Zapis rozmowy Jacka Bańki z posłanką PiS, Barbarą Bartuś.
Przyjęta i podpisana przez prezydenta „mała” ustawa medialna to wymiana zarządów TVP i Polskiego Radia. Duża ustawa ma być jednoznaczna z wygaszaniem umów o pracę wszystkich pracowników mediów. Jakie powinny być kryteria z kim podpisać umowę?
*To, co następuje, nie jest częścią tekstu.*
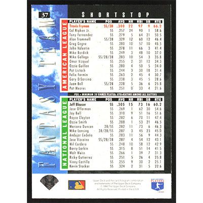 This is a 1994 Upper Deck Travis Fryman Fantasy Team baseball card. The card is #37 and pictures show condition.
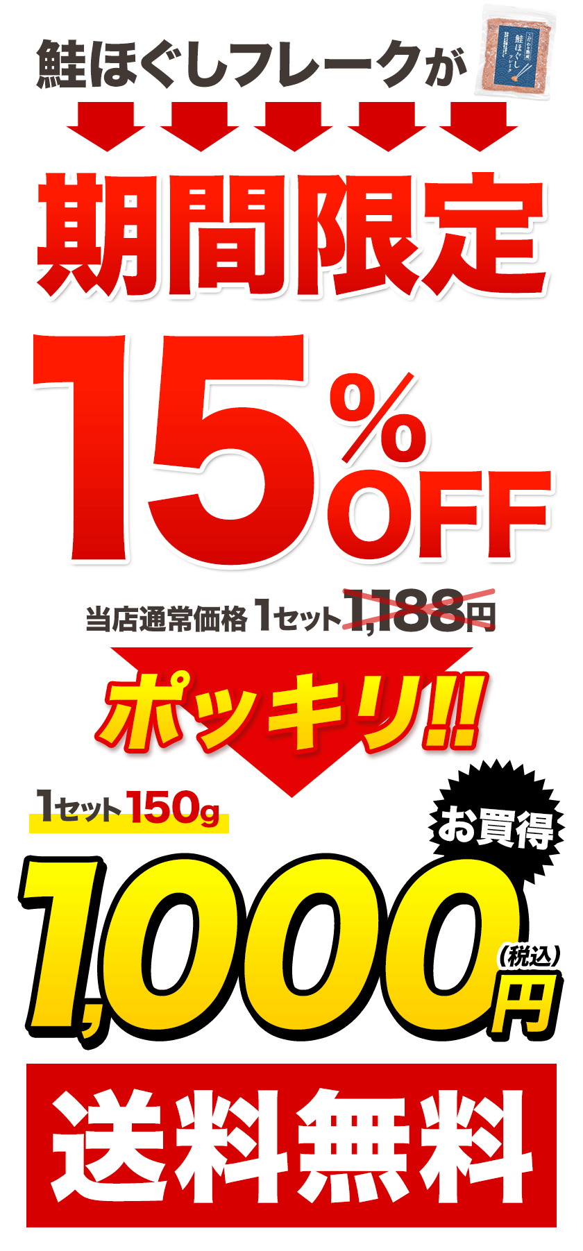 セール 1000円ポッキリ 鮭 ほぐし フレーク こだわり熟成 150g 送料無料 サケ ご飯 ふりかけ お米 お弁当 おにぎり べに鮭 1-5営業日以内の発送予定

- To co dzieje się w sprawie mediów publicznych ze strony PiS to tylko realizacja naszego programu z kampanii. Nasz program powstawał z rozmów z Polakami. Zmiany w mediach publicznych są konieczne. To dopiero początek. Ustawa medialna, ta kolejna część, dopiero jest przygotowywana. To nie będzie długo trwało. Sami przyjęliśmy, że to co zostało ostatnio uchwalone to tylko do 30 czerwca. Chcemy, żeby media były obiektywne, informowały o tym co się dzieje a nie wprowadzały niepokój. Często w kampanii i teraz słyszę od ludzi, że nie chce się słuchać radia i TV. Tam są tylko spory, jest straszenie Polaków. Oni tego nie chcą. Nie po to płacimy abonament, żeby mieć media, które szczują Polaków na Polaków. Chcemy mediów z misją, które będą obiektywne. Tacy muszą być redaktorzy.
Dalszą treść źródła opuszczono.